I'm reading two books right now. One is Sleeping on the Wing: An Anthology of Modern Poetry with Essays on Reading and Writing by Kenneth Koch and Kate Farrell. The other book is Until I Find You, by John Irving.
A couple of days ago, Kristy Bowen mentioned on her blog about how she reads poetry to study it, but fiction is something she reads for pleasure, and she gobbles it up on the subway, on buses, during every free moment. There are times when I do this too. Like now. Sleeping on the Wing is really an educational text, and the novel is not, so my reading choices appear pretty clear cut. In the morning, I read a chapter of Sleeping on the Wing, and then I write, but it's a sort of gluttonous pleasure that I don't get from the novel reading. And on the flipside, I learn as I read from the novel too and have thoughts like - aha - that's the third time Irving has hinted at the boy's future - a device -or - that is one of the greatest sentence structures - I wonder if I'll ever write one like that? So far, the first 150 pages of the novel are compelling. I want to know what happens to the boy. There's been a lot of tattooing, prostitutes, church organs and interesting characters throughout the European travels he's taken with his mother. I keep turning the pages. A good sign.

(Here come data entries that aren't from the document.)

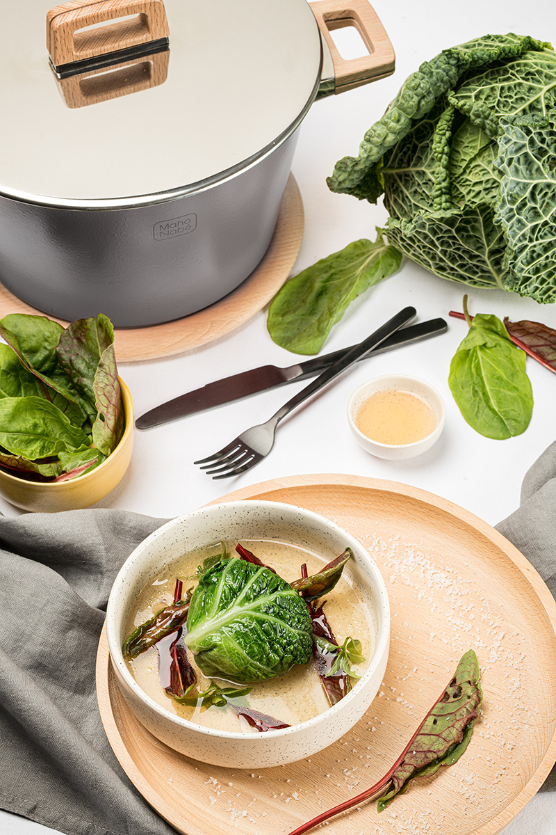 ⑥• 40 minutes avant votre déjeuner ou votre diner, réchauffez les choux au beurre salé dans le Maho Nabé à feu très doux pendant 10 minutes sur le feu et 10 minutes à couvert hors du feu sur le socle en bois.
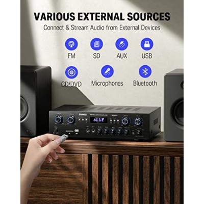 오디오 전력 증폭기 Bluetooth 5.0, Donner 440W 오디오 증폭기 4채널, 스테레오 수신기(USB, SD, FM, 2 마이크 입력 에코, RCA, LED, 스튜디오, 홈 시네마, MAMP5용)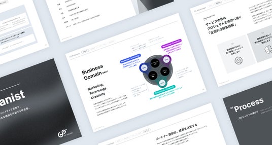 私たちジーピーオンラインは、創業25周年を迎えるWebの企画・制作会社です。企業の価値創造に不可欠である「マーケティング視点」×「デジタル技術」×「クリエイティブ思考」をベースにした事業ドメインを展開しています。それぞれ3つの領域を自由に組み合わせることにより、独自の強みが発揮できる仕組みを採用しています。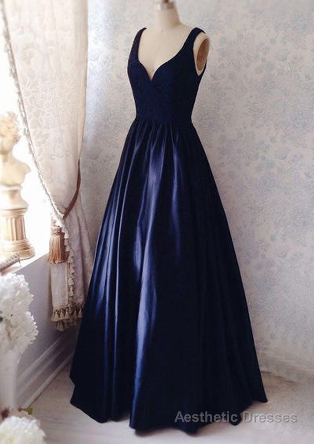 Dark Navy Prom Dresses, A-line/Princess V Neck Sleeveless Long/Floor-Length Satin Prom Dress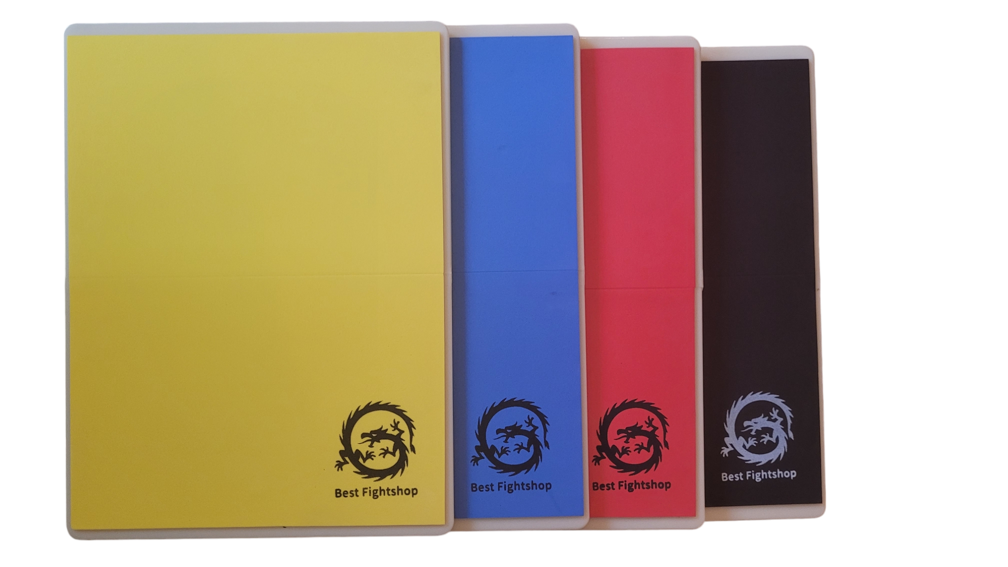 (geel): aanbevolen voor beginners/jeugd, gemakkelijk te breken. Alleen gebruikt voor het inspireren van vertrouwen en om een gevoel te krijgen van hoe een massief object aan het raken zou kunnen zijn. Afmetingen: 30,5 cm x 23 cm. 1 cm dik.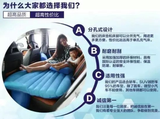 和传统的车载充气床相比我们不光多了一个靠背,而且,三部分还是分开的可在车上,水里,陆地三用。为什么又多了一个靠背喃?因为轿车本身的长度,决定成人不能完全躺下,只有作为躺椅更科学,更实用。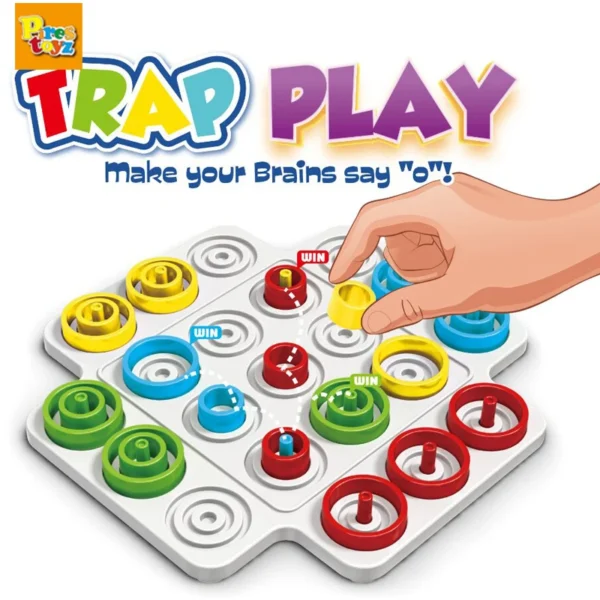 Trap Play to gra, która rozweseli każdego członka rodziny! Została zaprojektowana z myślą o rozwijaniu zdolności logicznych i strategicznych. Zawiera 36 elementów, które można układać na planszy w różnorodny sposób – duże, średnie, małe kawałki czy układanie elementów w rosnącej lub malejącej kolejności. Dzięki temu zabawa nigdy się nie nudzi, a dzieci uczą się myślenia przestrzennego oraz rozwiązywania problemów.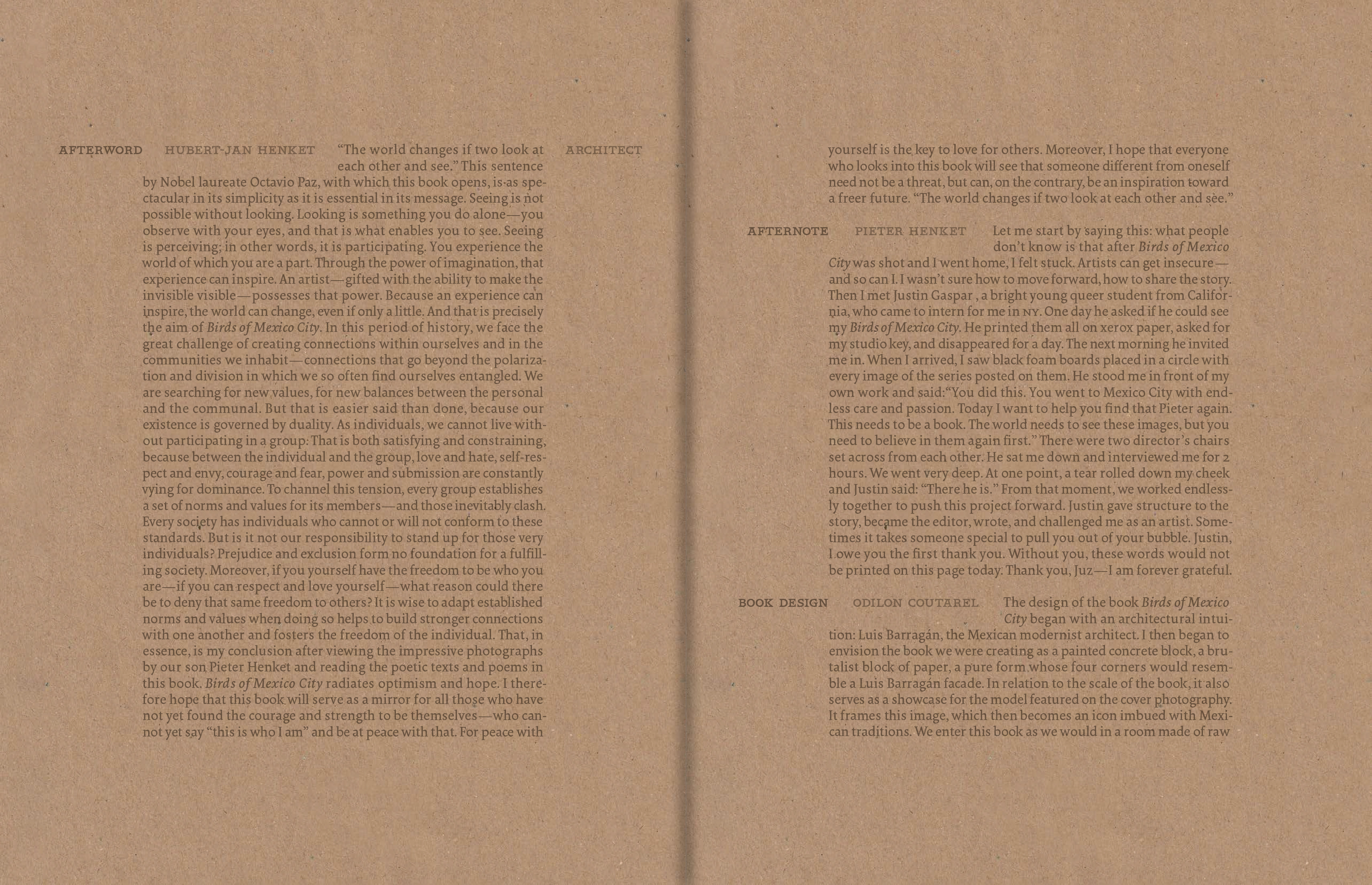 Birds of Mexico City est une collection de portraits réalisés par Pieter Henket sur plusieurs années à Mexico. La série se concentre sur une nouvelle génération de jeunes Mexicains qui redéfinissent les expressions contemporaines du genre, de l'identité, de la tradition et de la spiritualité.

This morning I read several poems by Arthur Rimbaud. He wrote all of his poetry between the ages of 15 and 20, and only lived into his forties. He stopped writing poetry, but wrote letters later in his life. I was amazed at his ability to create dreamlike scenes from the sort of moments that are so simple they seem to defy words - lush and beautiful imagery. Kenneth Koch follows the chapter with a short essay on translation, that ends with his admission to learning French just so he could read Rimbaud and Appollinaire. I'm enjoying this book so much, it made me cry to think I can't thank Kenneth Koch for the Rimbaud translations, and the inspiring essay. Too late to thank him, other than by continuing to read and write.